A pot of stimulus money set aside for small-business loans has run out, CNN Money reports. Congress gave the Small Business Administration $375 million to help small businesses get loans in a tough credit market. That money was used to waive the fees usually charged to banks that want the SBA to guarantee loans they make to small businesses. The money also went to raise the cap on how much of the loan the SBA would guarantee, to 90 percent of the loan. Despite the incentives, CNN Money reports that the number of bank loans backed by the SBA in the year that ended Sept. 30 still fell by a third from the previous year.

An organization that describes itself as “the nation's principal voice for the medical group practice profession” has warned that the government risks “squandering” the billions of stimulus dollars set aside for health information technology. ModernHealthcare.com reports that the Medical Group Management Association sent a letter to the Department of Health and Human Services warning that “an inappropriate definition of meaningful use" and "inefficient administration" of the program could "result in the needless squandering of resources and significant disruption to the nation's health care system.” Health care providers can qualify for the estimated $34 billion in federal stimulus reimbursements for health IT by showing that they have electronic health-record systems installed, and showing that those systems are being used in a “meaningful manner.” But the government has yet to fully define what that means.

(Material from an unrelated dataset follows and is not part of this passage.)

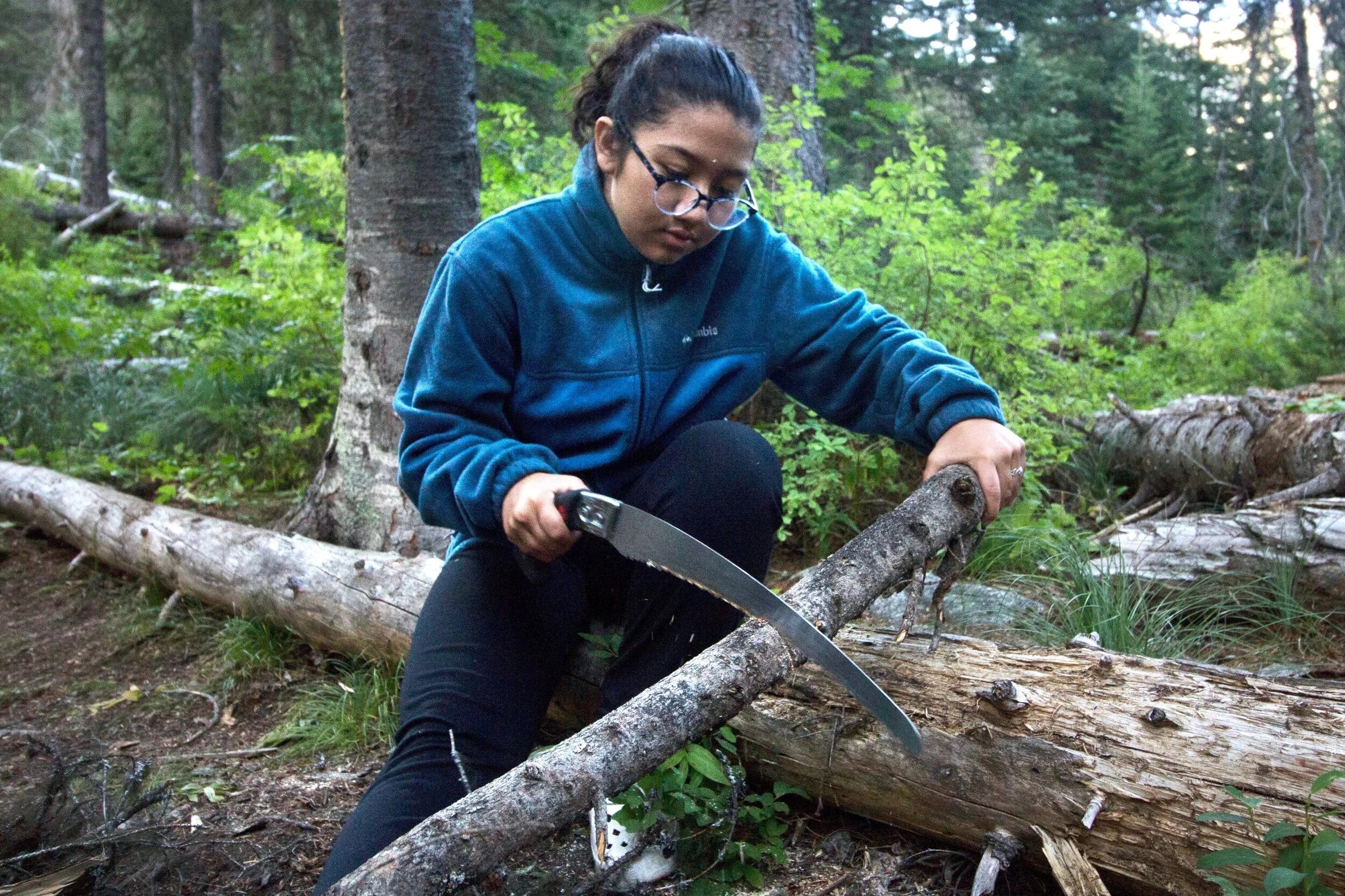 Ixza clearing a trail in Montana on a Community Service Learning trip.

Still on the topic of information technology, Computerworld’s Patrick Thibodeau reports that much of the stimulus money directed at IT is being used for computer equipment and services, rather than creating new jobs. The article cites stimulus-funded IT projects at NASA, the State Department and the Social Security Administration, which accounted for a total of $26 million in spending but just 21 jobs saved or created. Thibodeau notes that the reporting accounts only for direct jobs, and that the money may create indirect jobs, included those created by filling the orders for more hardware. However, the article points out that it remains a tough time to work in IT: a report last week estimated that nearly 2 million IT jobs will have been lost at large companies in the United States and Europe between 2000 and 2014 — meaning, Thibodeau writes, “the IT recovery may be a jobless one.”

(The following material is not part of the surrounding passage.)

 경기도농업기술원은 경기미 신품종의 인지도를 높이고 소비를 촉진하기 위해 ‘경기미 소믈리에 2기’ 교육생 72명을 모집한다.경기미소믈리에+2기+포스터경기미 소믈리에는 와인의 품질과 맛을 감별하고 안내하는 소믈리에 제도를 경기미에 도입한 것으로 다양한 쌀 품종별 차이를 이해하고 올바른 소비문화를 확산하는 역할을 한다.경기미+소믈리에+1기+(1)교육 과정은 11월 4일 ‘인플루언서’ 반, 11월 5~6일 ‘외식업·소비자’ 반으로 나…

Finally today, California’s state auditor has found that the Department of Corrections and Rehabilitation overstated the number of jobs saved thanks to stimulus money, the San Francisco Chroniclereports. The department reported saving or creating 18,229 jobs. The actual number of jobs, says the state auditor, was closer to 5,000 — the number of employees that had actually received layoff notices this year, before the federal funds were received. The 18,229 figure, by contrast, was the number of correctional officers whose salaries were paid with stimulus money, rather than the number of people who would have been laid off. Laura Chick, the state official overseeing federal stimulus dollars spent in California, supported the auditor, saying the findings showed “an absence of logic and common sense.”